● Data excerpt:
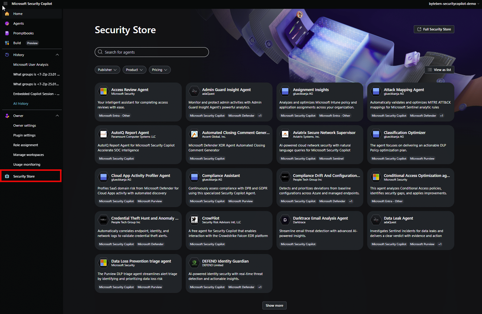 The Security Store is where you will find agents built by Microsoft, partners and community heros.
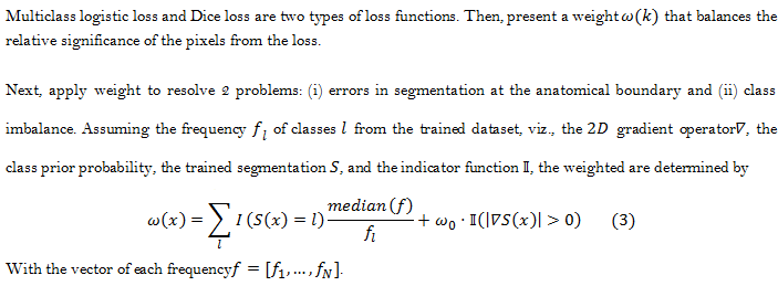 The first term simulates median frequent balancing and compensates for class disparity issues by increasing the weight of rare classes in an image. The next term put high weights on anatomical boundary area for encouraging accurate segmentation of contour.  for providing high priority to boundaries.
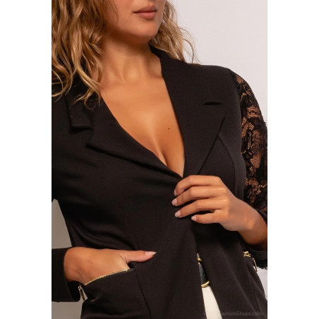 Upea musta pitsikoristeinen bleiseri vetoketjukoristeilla - elegantti vaate moneen eri tilanteeseen
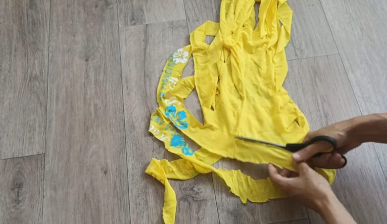 Разрежьте трикотажные футболки на полосы шириной 3 см, не доходя до края примерно на 5-6 см. Обрежьте лишние части футболки и расправьте заготовку.

● Task directions:
Repeat the material exactly, without images.

● Response to the task:
 The Security Store is where you will find agents built by Microsoft, partners and community heros.
 The first term simulates median frequent balancing and compensates for class disparity issues by increasing the weight of rare classes in an image. The next term put high weights on anatomical boundary area for encouraging accurate segmentation of contour.  for providing high priority to boundaries.
 Upea musta pitsikoristeinen bleiseri vetoketjukoristeilla - elegantti vaate moneen eri tilanteeseen
 Разрежьте трикотажные футболки на полосы шириной 3 см, не доходя до края примерно на 5-6 см. Обрежьте лишние части футболки и расправьте заготовку.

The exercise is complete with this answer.